One part of the entries below is wanted: the lines from the one containing "Farmstay Cica Farm" through the one containing "另一Meme股$AMC院线 (AMC.U". Write those out exactly and nothing else.

[[ EXTRACTED INFORMATION open ]]

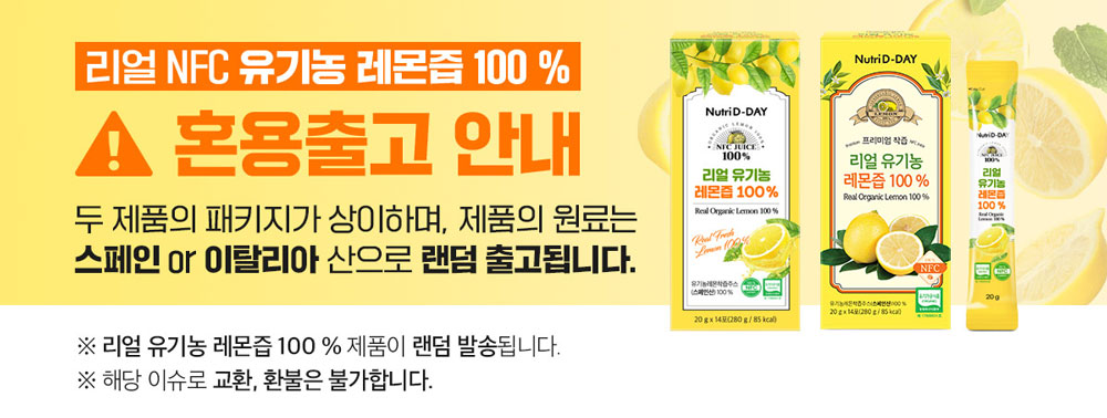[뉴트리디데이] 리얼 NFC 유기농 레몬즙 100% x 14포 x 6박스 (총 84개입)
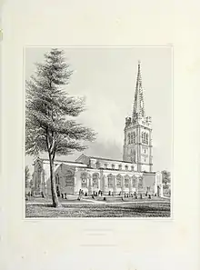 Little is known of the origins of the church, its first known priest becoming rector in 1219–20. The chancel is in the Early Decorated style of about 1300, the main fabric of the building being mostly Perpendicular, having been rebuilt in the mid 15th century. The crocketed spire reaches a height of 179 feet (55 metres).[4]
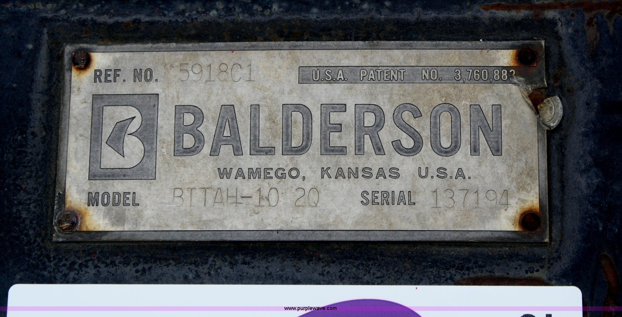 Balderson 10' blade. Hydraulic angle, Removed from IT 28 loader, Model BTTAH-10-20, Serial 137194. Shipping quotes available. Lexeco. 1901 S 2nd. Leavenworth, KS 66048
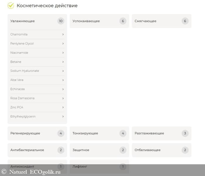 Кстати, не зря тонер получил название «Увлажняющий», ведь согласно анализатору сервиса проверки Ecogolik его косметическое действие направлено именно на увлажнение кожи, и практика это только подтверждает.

[[ EXTRACTED INFORMATION closed ]]
[[ EXTRACTED INFORMATION open ]]

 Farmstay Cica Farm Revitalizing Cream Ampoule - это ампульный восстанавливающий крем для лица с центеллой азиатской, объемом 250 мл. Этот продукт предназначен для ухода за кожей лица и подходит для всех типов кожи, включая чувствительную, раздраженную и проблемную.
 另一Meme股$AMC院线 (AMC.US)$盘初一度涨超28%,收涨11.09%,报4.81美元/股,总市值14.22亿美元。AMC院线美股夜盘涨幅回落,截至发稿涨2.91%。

[[ EXTRACTED INFORMATION closed ]]

__SOLUTION TO THIS TASK__.
 Farmstay Cica Farm Revitalizing Cream Ampoule - это ампульный восстанавливающий крем для лица с центеллой азиатской, объемом 250 мл. Этот продукт предназначен для ухода за кожей лица и подходит для всех типов кожи, включая чувствительную, раздраженную и проблемную.
 另一Meme股$AMC院线 (AMC.US)$盘初一度涨超28%,收涨11.09%,报4.81美元/股,总市值14.22亿美元。AMC院线美股夜盘涨幅回落,截至发稿涨2.91%。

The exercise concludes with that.